Festive Champhysics: Uncorking sparkling wine a key to solving energy problems
The bubbles that give sparkling wine its texture and sometimes cause the liquid to spray out of the bottle are carbon dioxide, which remains dissolved under pressure but reveals itself after the cork pops.
The basics of the process are well known, but the exact laws governing how bubbles emerge and merge together are not yet fully understood, partially because they grow from nanometer and micron sizes to those measured in millimeters and centimeters.
This evolution of bubbles is scientifically called Ostwald ripening after the researcher Wilhelm Ostwald, who discovered it in 1896. Basically, small bubbles are eaten by bigger ones because the bigger bubbles are in a more stable energy state.
Laymen usually see this phenomenon in food and beverages: be it champagne bottles at New Year’s, soda drinks or even ice cream, where the formation of ice crystals from a melted mixture is governed by the same principles.

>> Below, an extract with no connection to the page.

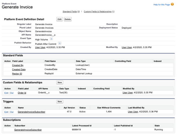 In order to avoid backlogs or spikes of invoices being processed, you want to maintain a continuous flow of the overall process. For this you create a Platform Event called Generate Invoice. This event can easily be sent by an admin / declarative builders who have perhaps setup some rules on the Orders object using Process Builder. - Resource Management

But Ostwald ripening is also encountered in industrial equipment. Many power stations use boilers to convert water to steam to drive the turbines, and bubbles forming on surfaces decrease their efficiency by preventing heat exchange and slowly damaging the parts. They are also the scourge of shipbuilders, as they gradually cause deterioration in rotating propellers.
Understanding exactly how Ostwald ripening works can allow designing better boilers and turbines, and that is what a team of scientists from the University of Tokyo, Kyusyu University and RIKEN is doing. Their work was described in a report published by the Journal of Chemical Physics.
The researchers conducted the experiment not with a bottle of champagne, but with virtual molecules modeled by RIKEN's K supercomputer, the fastest in Japan and the fourth-fastest in the world. The computer used about 4,000 processors to help the team to simulate about 700 million particles and follow them through a million time steps.
"A huge number of molecules, however, are necessary to simulate bubbles – in the order of 10,000 are required to express a bubble,"said researcher Hiroshi Watanabe, one of the authors of the report.
"So we needed at least this many to investigate hundreds of millions of molecules – a feat not possible on a single computer."
The scientists confirmed that the Lifshitz-Slyozov-Wagner (LSW) theory, a classical 1960s theory explaining how bubbles form in foams, describes the Oswald ripening correctly, despite some evidence to the contrary.
“Honestly speaking, our present study is quite fundamental and it cannot be applicable to improve the efficiency of real devices right now,” Watanabe told Motherboard, an online magazine and video channel. “But this is the first step to understand how bubbles appear and how bubbles interact each other during the bubble formation from the molecular level.”